Stored data:

..........

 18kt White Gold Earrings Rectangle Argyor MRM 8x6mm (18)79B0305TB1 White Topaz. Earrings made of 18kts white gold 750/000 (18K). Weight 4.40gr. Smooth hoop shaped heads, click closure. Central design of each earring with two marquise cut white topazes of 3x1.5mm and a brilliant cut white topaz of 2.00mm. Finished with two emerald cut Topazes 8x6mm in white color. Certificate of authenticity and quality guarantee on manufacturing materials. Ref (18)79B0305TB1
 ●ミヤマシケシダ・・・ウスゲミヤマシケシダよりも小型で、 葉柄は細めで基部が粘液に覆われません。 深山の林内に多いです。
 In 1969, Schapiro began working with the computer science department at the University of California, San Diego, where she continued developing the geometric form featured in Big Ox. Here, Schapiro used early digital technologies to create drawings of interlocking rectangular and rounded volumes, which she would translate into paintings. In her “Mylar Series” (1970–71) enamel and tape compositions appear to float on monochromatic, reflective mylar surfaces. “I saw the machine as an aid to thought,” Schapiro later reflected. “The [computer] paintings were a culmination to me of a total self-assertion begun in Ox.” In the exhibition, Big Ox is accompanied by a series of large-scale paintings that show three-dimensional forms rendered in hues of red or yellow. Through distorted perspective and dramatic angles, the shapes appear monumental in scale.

..........

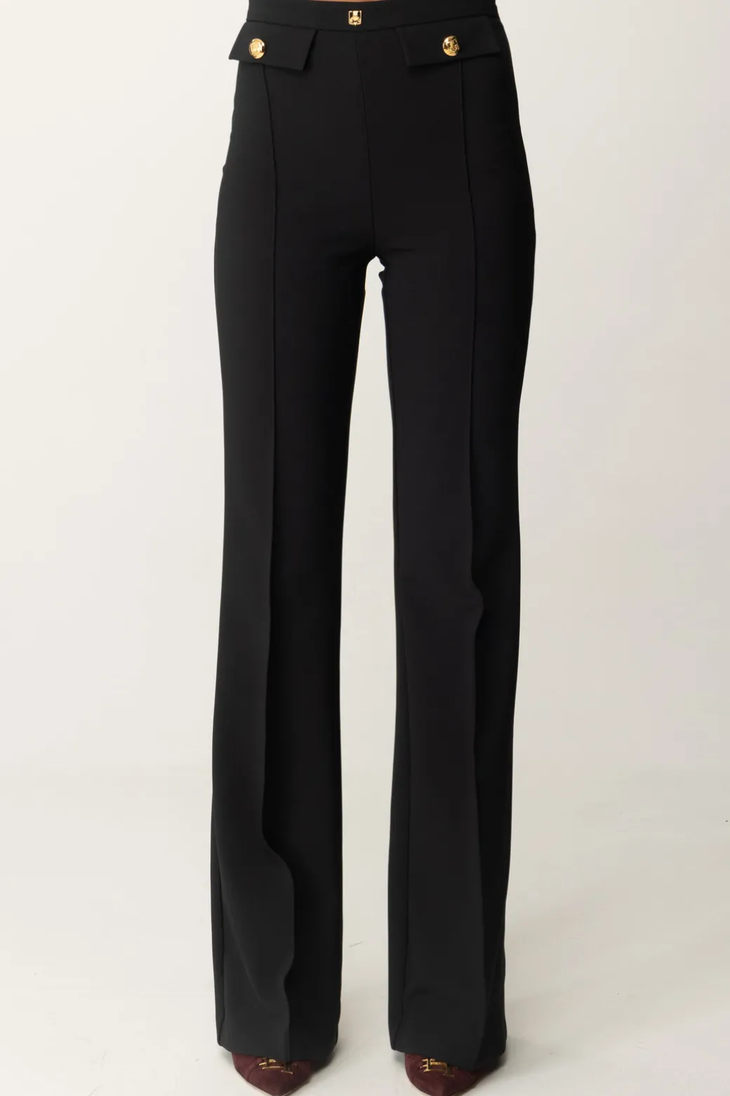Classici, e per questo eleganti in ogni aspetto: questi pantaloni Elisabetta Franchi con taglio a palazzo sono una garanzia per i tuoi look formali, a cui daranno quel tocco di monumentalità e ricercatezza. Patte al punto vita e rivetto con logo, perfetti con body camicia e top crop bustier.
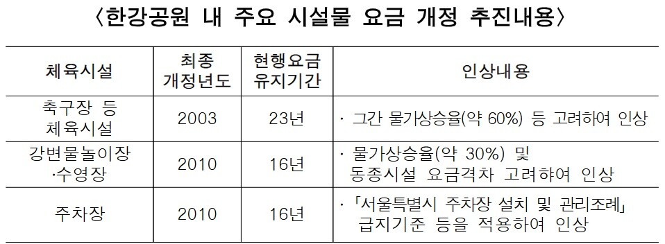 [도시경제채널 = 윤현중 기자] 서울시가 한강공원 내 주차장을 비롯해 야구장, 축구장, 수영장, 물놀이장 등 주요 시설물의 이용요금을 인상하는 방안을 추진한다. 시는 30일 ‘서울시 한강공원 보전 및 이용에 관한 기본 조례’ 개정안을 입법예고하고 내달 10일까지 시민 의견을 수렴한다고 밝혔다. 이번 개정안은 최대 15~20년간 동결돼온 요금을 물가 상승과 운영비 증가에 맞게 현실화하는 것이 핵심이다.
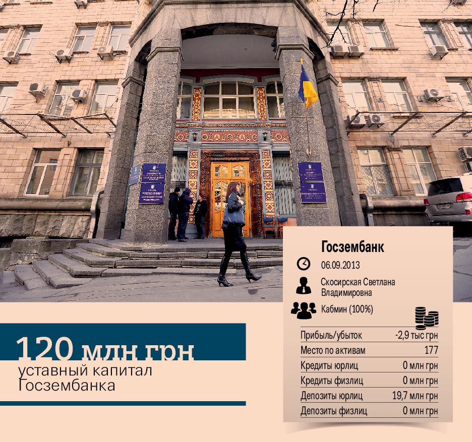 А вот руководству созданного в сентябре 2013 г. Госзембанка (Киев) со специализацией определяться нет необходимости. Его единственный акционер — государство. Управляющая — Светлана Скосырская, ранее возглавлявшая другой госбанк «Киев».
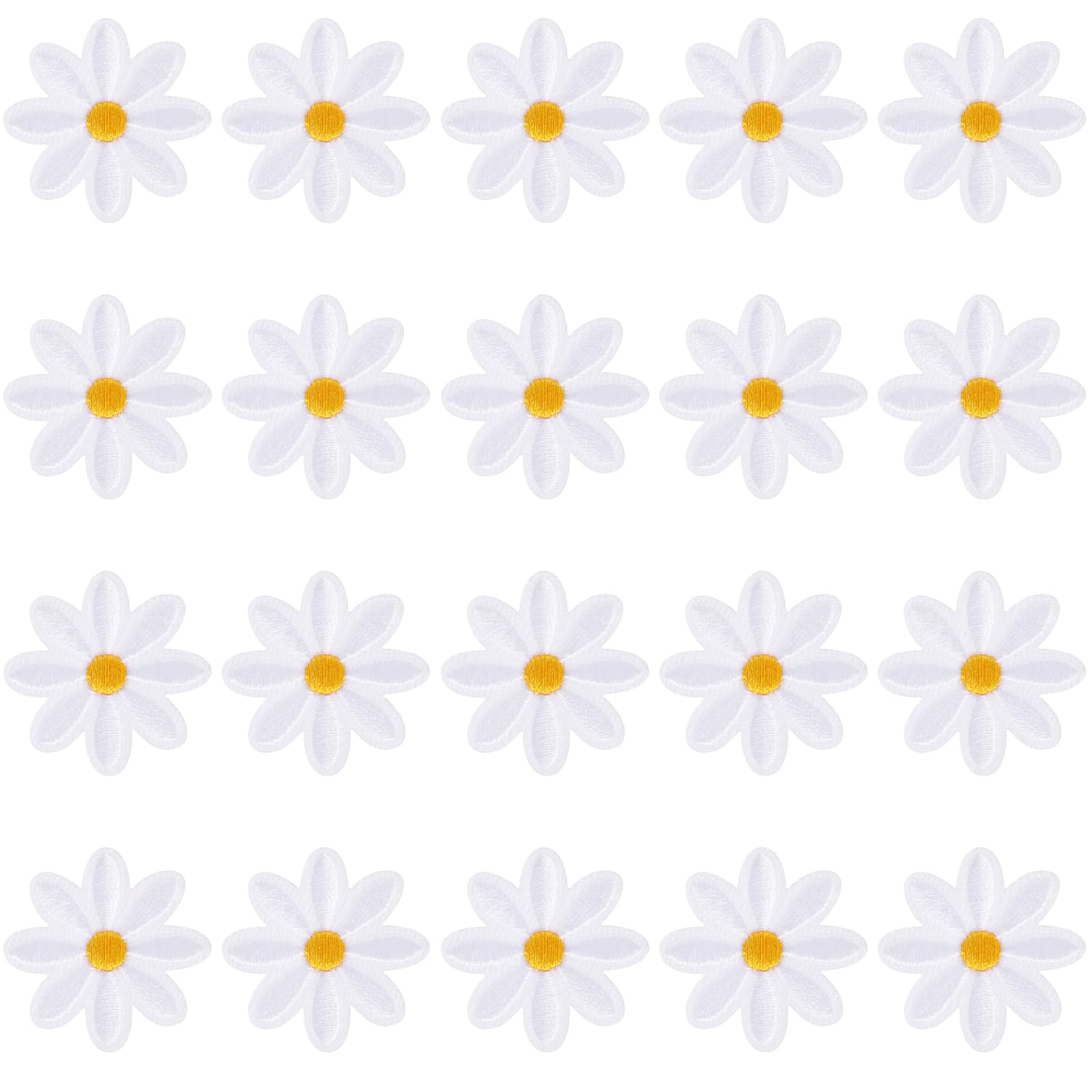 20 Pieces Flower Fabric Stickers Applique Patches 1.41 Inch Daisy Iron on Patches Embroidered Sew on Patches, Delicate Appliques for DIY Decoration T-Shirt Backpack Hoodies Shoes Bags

..........

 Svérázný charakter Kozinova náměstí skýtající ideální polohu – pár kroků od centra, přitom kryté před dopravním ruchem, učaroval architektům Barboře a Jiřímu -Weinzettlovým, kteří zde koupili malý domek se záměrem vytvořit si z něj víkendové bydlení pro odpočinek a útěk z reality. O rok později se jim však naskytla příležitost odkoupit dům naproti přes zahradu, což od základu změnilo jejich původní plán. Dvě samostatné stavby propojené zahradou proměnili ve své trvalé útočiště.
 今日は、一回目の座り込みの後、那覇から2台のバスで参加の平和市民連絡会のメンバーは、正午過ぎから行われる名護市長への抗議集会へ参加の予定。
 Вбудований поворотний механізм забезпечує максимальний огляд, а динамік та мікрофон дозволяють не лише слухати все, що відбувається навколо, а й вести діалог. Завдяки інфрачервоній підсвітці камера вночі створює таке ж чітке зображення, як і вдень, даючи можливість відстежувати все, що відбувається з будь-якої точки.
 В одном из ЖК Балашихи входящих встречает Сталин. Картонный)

..........

The answer must be every line of the data that holds the word "with".

Solution for this task:
 18kt White Gold Earrings Rectangle Argyor MRM 8x6mm (18)79B0305TB1 White Topaz. Earrings made of 18kts white gold 750/000 (18K). Weight 4.40gr. Smooth hoop shaped heads, click closure. Central design of each earring with two marquise cut white topazes of 3x1.5mm and a brilliant cut white topaz of 2.00mm. Finished with two emerald cut Topazes 8x6mm in white color. Certificate of authenticity and quality guarantee on manufacturing materials. Ref (18)79B0305TB1
 In 1969, Schapiro began working with the computer science department at the University of California, San Diego, where she continued developing the geometric form featured in Big Ox. Here, Schapiro used early digital technologies to create drawings of interlocking rectangular and rounded volumes, which she would translate into paintings. In her “Mylar Series” (1970–71) enamel and tape compositions appear to float on monochromatic, reflective mylar surfaces. “I saw the machine as an aid to thought,” Schapiro later reflected. “The [computer] paintings were a culmination to me of a total self-assertion begun in Ox.” In the exhibition, Big Ox is accompanied by a series of large-scale paintings that show three-dimensional forms rendered in hues of red or yellow. Through distorted perspective and dramatic angles, the shapes appear monumental in scale.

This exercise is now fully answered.